== DATA RECORDS

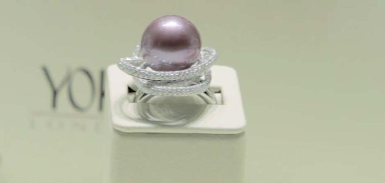 Yoko London purple pearl ring floats in orbit amongst diamonds.
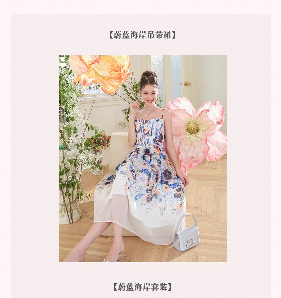 BeQueenStory 【夏梦繁花】优雅收腰吊带连衣裙&套装2023夏季新款
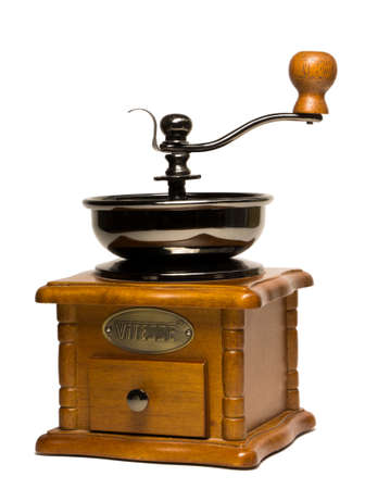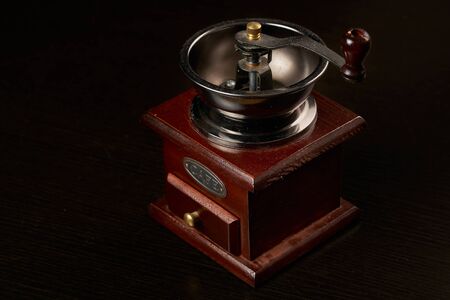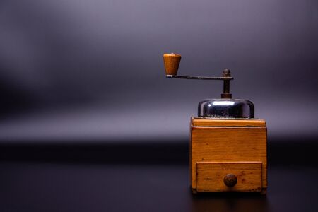 Manual coffee grinder for grinding coffee beans. Black background. Vintage coffee grinder
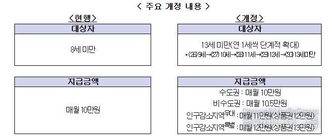 1. 아동수당 지급 대상 확대
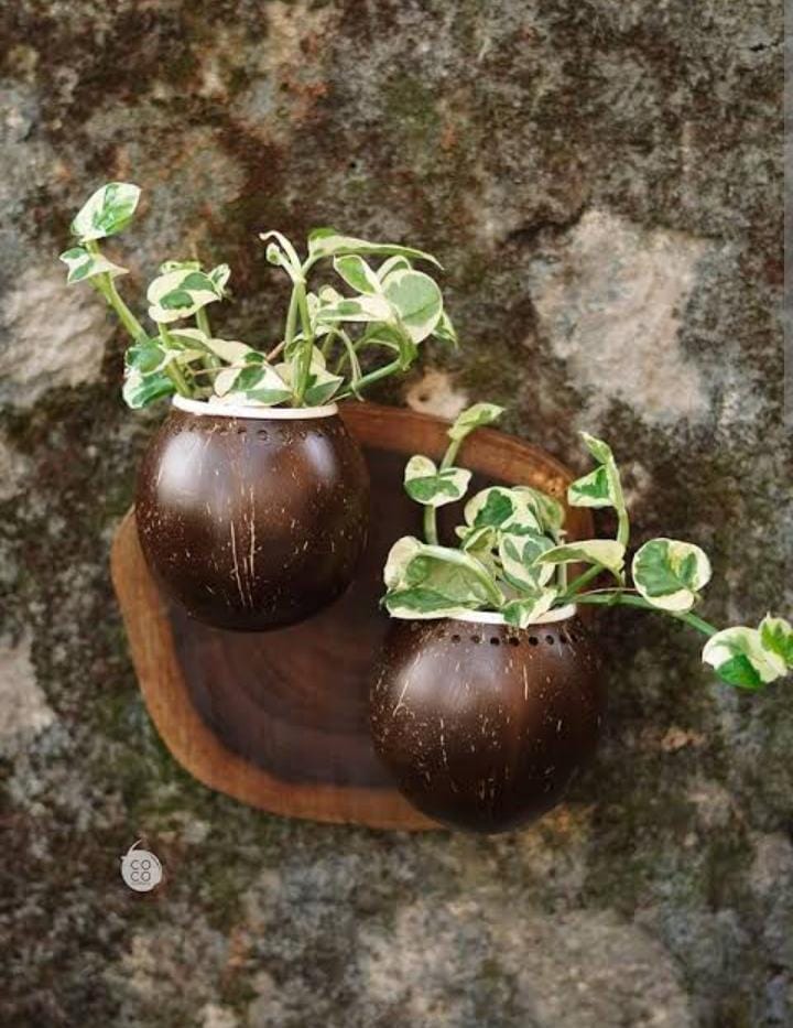 Coconut Shell Wall Planters are eco-friendly, handcrafted planters perfect for growing small plants or succulents. Lightweight and durable, they add a rustic, natural charm to walls and interiors. Sustainable and stylish, they bring greenery into homes in an environmentally conscious way.
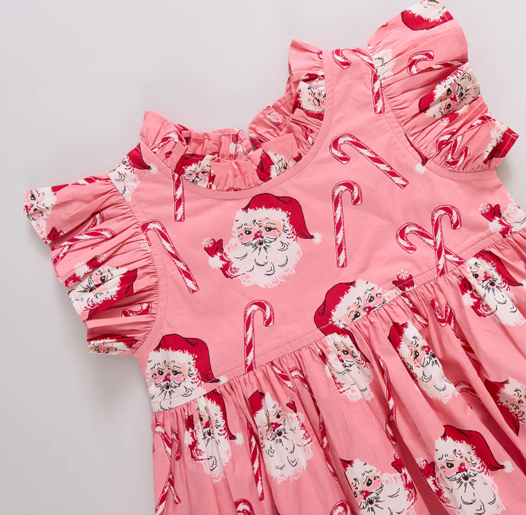 Pink Chicken Baby Girls Jennifer Dress Set - Pink Candy Cane Santa
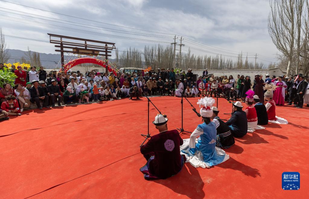 4月10日,在別迭里村,觀眾在觀看阿不都別克(前排左四)和同伴的表演。
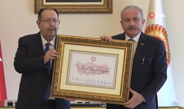Cumhurbaşkanı Recep Tayyip Erdoğan'ın mazbatası kendisine verilmek üzere Meclis Başkanı Mustafa Şentop tarafından alındı.
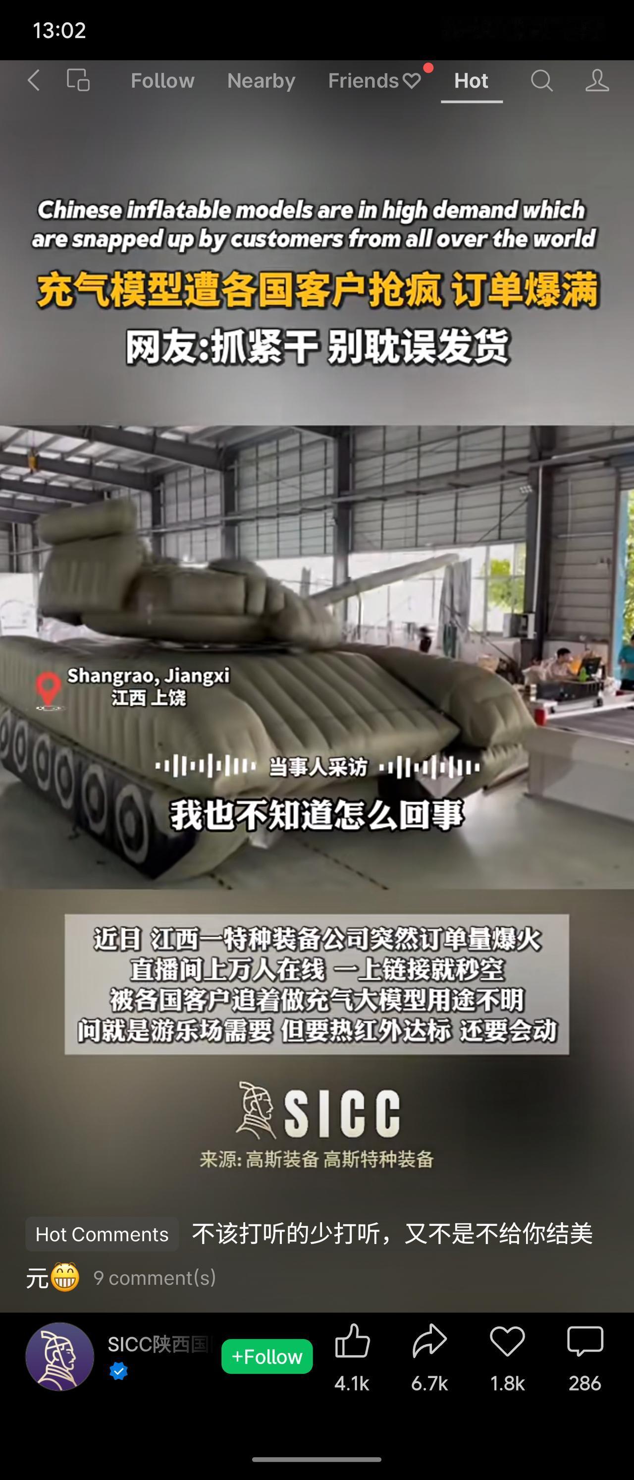 江西上饶一家充气模型公司近日海外订单暴增,产品被多国客户抢购,用途不明,仅要求“热红外达标”。网友调侃“草船借箭”“江湖救急”,提醒“不该打听别打听”。这一现象既展现了中国制造的灵活创新,也反映出国际市场的特殊需求,提醒我们在全球贸易中保持开放与理性。
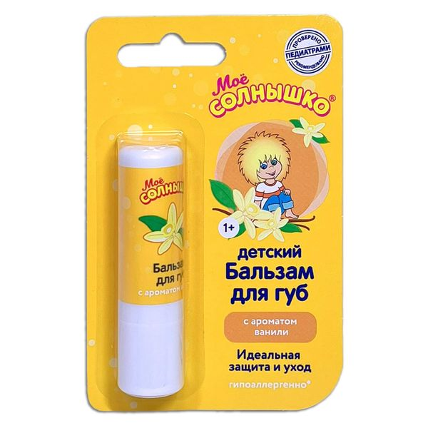 Бальзам для ежедневного ухода и защиты нежной кожи губ ребенка. Содержит экстракт календулы и витамин Е. Обладает приятным ароматом ванили. Смягчает и питает детскую кожу губ, защищает её от обветривания.
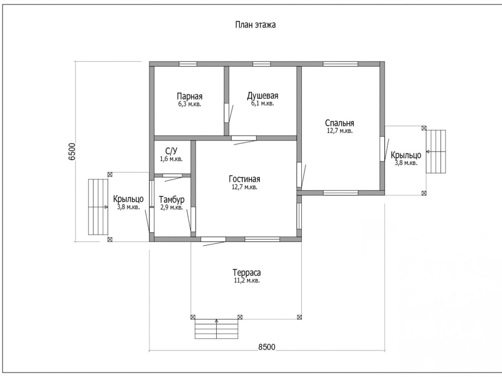 Планировка дома рассчитана на 2–3 человек. Она делит внутреннее пространство на тамбур, санузел, парную с душевой, гостиную и спальню. Попасть в санузел можно из тамбура, в спальню и душевую — из гостиной. Для удобства предусмотрены сразу три входа, в спальню и тамбур — с крыльца, в гостиную — через просторную крытую террасу. Летом террасу тоже можно использовать как зону отдыха: можно поставить на ней кресла со столиком, уличные качели, соорудить печь и готовить блюда на свежем воздухе.
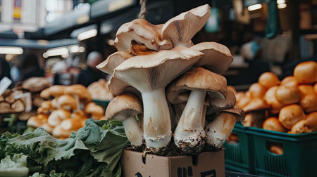 A captivating image of fresh and organic mushrooms beautifully displayed at a local market, surrounded by vibrant vegetables, evoking a sense of healthy living and culinary inspiration.

====

Transcribe only the lines above that start at the line containing "Cumhurbaşkanı Recep Tayyip" and end at the line containing "Бальзам для ежедневного". Omit pictures.

Cumhurbaşkanı Recep Tayyip Erdoğan'ın mazbatası kendisine verilmek üzere Meclis Başkanı Mustafa Şentop tarafından alındı.
 江西上饶一家充气模型公司近日海外订单暴增,产品被多国客户抢购,用途不明,仅要求“热红外达标”。网友调侃“草船借箭”“江湖救急”,提醒“不该打听别打听”。这一现象既展现了中国制造的灵活创新,也反映出国际市场的特殊需求,提醒我们在全球贸易中保持开放与理性。
 Бальзам для ежедневного ухода и защиты нежной кожи губ ребенка. Содержит экстракт календулы и витамин Е. Обладает приятным ароматом ванили. Смягчает и питает детскую кожу губ, защищает её от обветривания.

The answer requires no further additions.